TASK TO CARRY OUT: Give all of the data again exactly as written, omitting every image.

MATERIAL PROVIDED:
+++

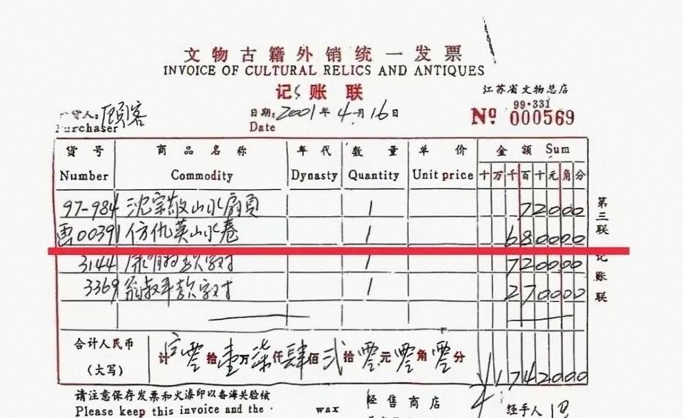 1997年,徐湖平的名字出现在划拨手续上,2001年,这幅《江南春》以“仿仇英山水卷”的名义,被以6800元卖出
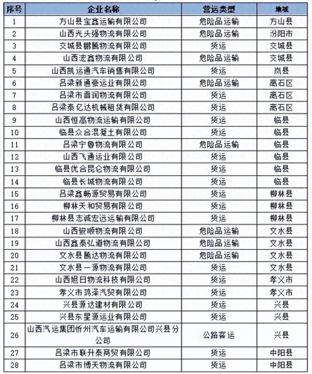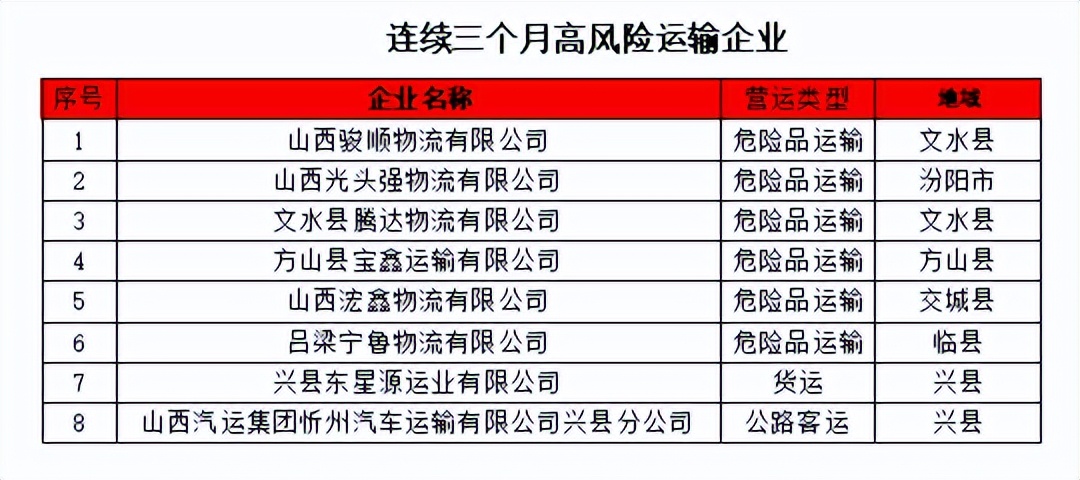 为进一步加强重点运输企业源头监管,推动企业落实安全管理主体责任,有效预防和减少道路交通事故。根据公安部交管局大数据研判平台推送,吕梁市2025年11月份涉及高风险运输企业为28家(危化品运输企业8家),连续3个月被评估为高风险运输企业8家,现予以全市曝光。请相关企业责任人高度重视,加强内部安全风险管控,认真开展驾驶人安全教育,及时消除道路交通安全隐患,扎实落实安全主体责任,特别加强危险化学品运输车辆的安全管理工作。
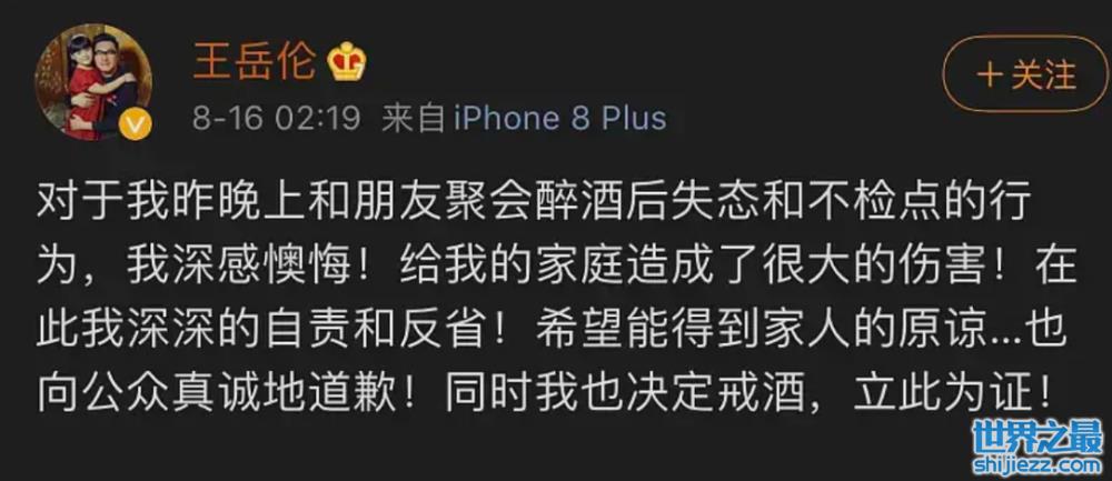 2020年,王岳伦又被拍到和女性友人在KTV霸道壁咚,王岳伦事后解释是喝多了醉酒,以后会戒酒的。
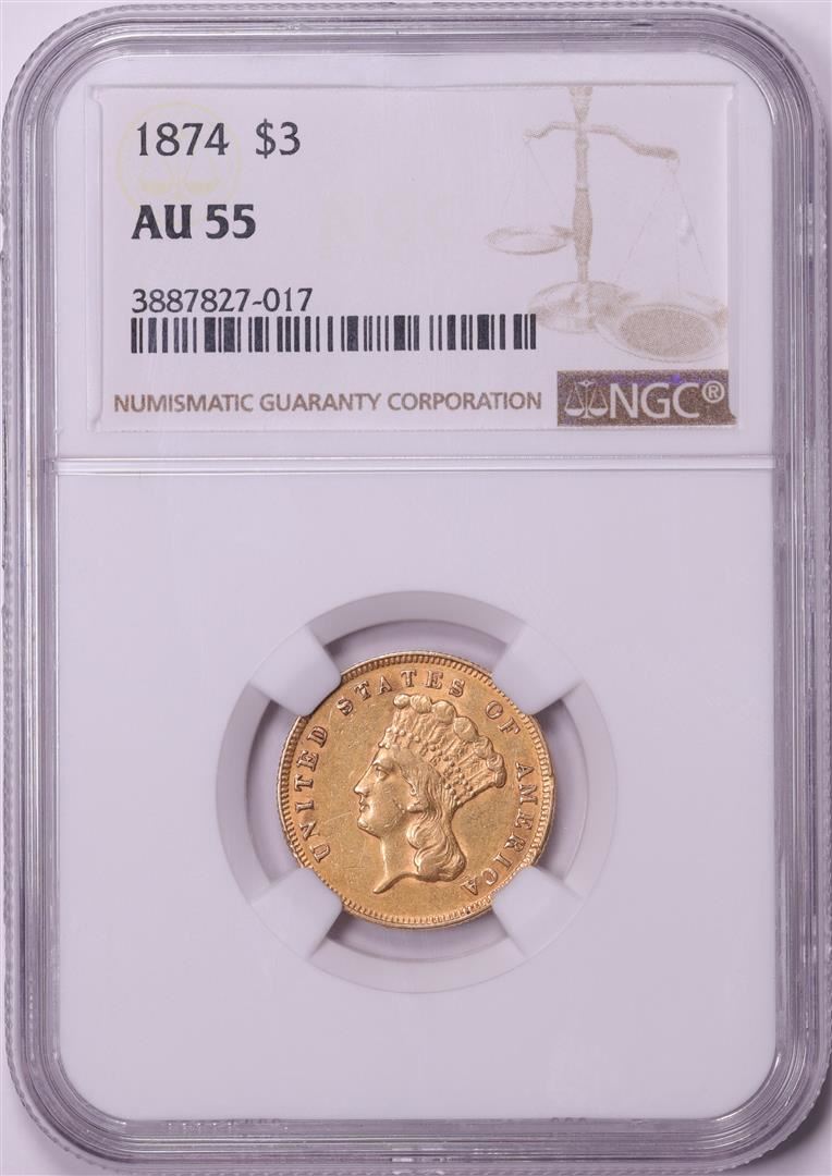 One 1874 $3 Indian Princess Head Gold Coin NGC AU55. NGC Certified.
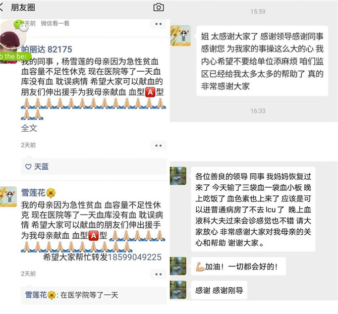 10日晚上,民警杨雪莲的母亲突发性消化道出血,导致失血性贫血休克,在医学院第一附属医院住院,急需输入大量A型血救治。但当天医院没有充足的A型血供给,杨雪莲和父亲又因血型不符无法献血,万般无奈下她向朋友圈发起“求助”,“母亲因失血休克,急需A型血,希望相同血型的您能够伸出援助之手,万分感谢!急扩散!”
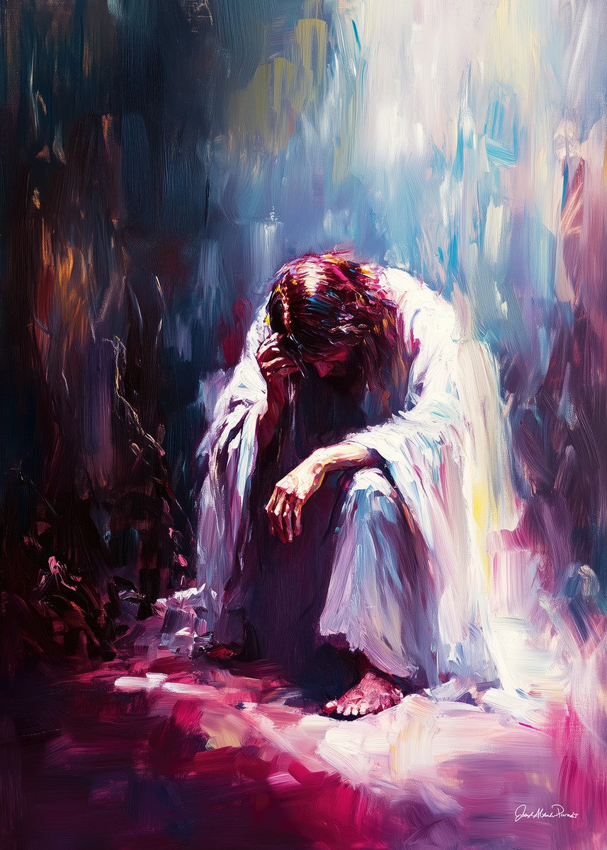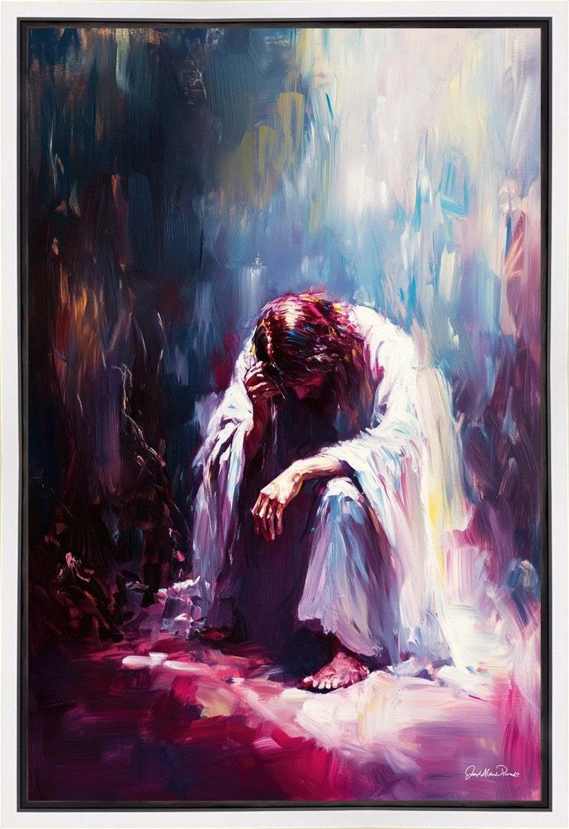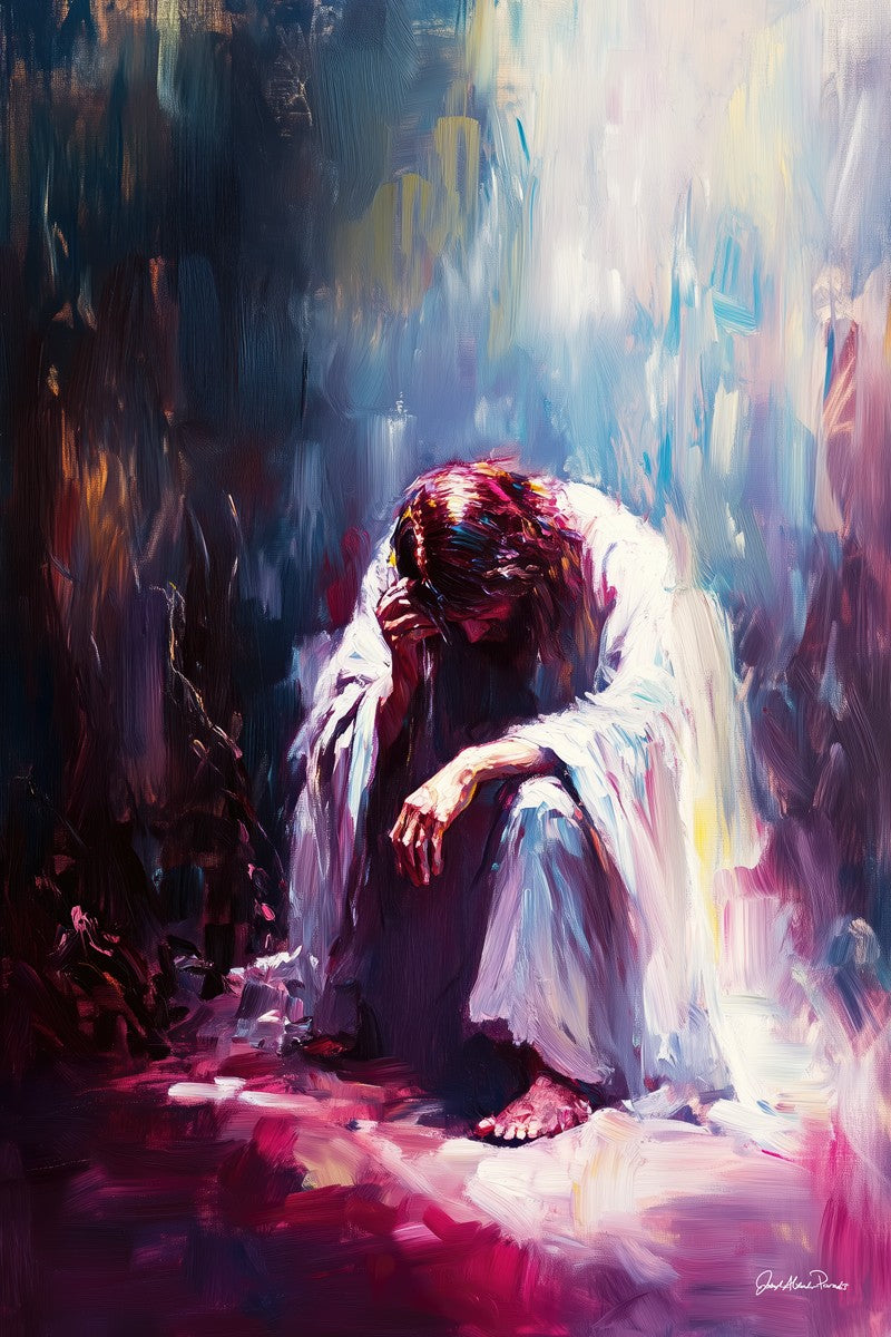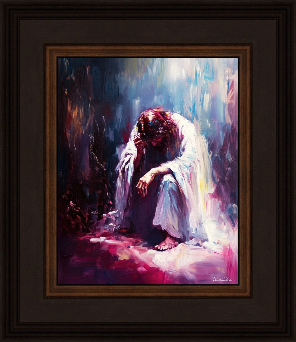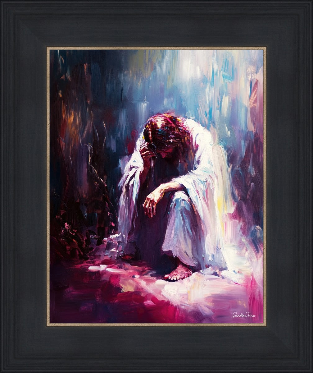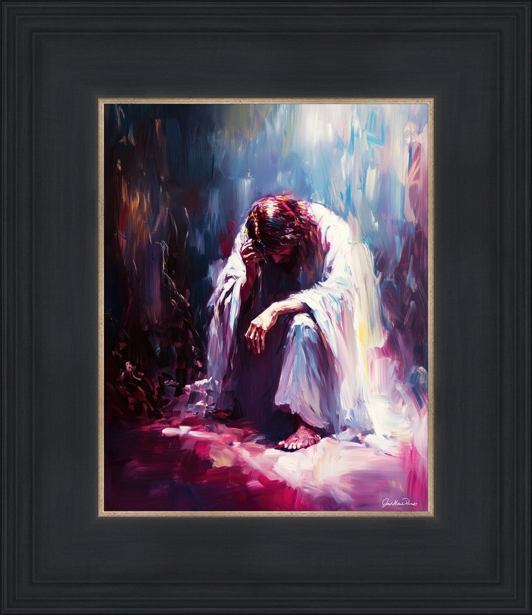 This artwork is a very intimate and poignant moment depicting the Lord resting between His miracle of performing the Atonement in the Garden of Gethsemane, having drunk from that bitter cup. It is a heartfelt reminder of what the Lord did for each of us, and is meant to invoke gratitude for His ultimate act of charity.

+++

WORKED SOLUTION:
 1997年,徐湖平的名字出现在划拨手续上,2001年,这幅《江南春》以“仿仇英山水卷”的名义,被以6800元卖出
 为进一步加强重点运输企业源头监管,推动企业落实安全管理主体责任,有效预防和减少道路交通事故。根据公安部交管局大数据研判平台推送,吕梁市2025年11月份涉及高风险运输企业为28家(危化品运输企业8家),连续3个月被评估为高风险运输企业8家,现予以全市曝光。请相关企业责任人高度重视,加强内部安全风险管控,认真开展驾驶人安全教育,及时消除道路交通安全隐患,扎实落实安全主体责任,特别加强危险化学品运输车辆的安全管理工作。
 2020年,王岳伦又被拍到和女性友人在KTV霸道壁咚,王岳伦事后解释是喝多了醉酒,以后会戒酒的。
 One 1874 $3 Indian Princess Head Gold Coin NGC AU55. NGC Certified.
 10日晚上,民警杨雪莲的母亲突发性消化道出血,导致失血性贫血休克,在医学院第一附属医院住院,急需输入大量A型血救治。但当天医院没有充足的A型血供给,杨雪莲和父亲又因血型不符无法献血,万般无奈下她向朋友圈发起“求助”,“母亲因失血休克,急需A型血,希望相同血型的您能够伸出援助之手,万分感谢!急扩散!”
 This artwork is a very intimate and poignant moment depicting the Lord resting between His miracle of performing the Atonement in the Garden of Gethsemane, having drunk from that bitter cup. It is a heartfelt reminder of what the Lord did for each of us, and is meant to invoke gratitude for His ultimate act of charity.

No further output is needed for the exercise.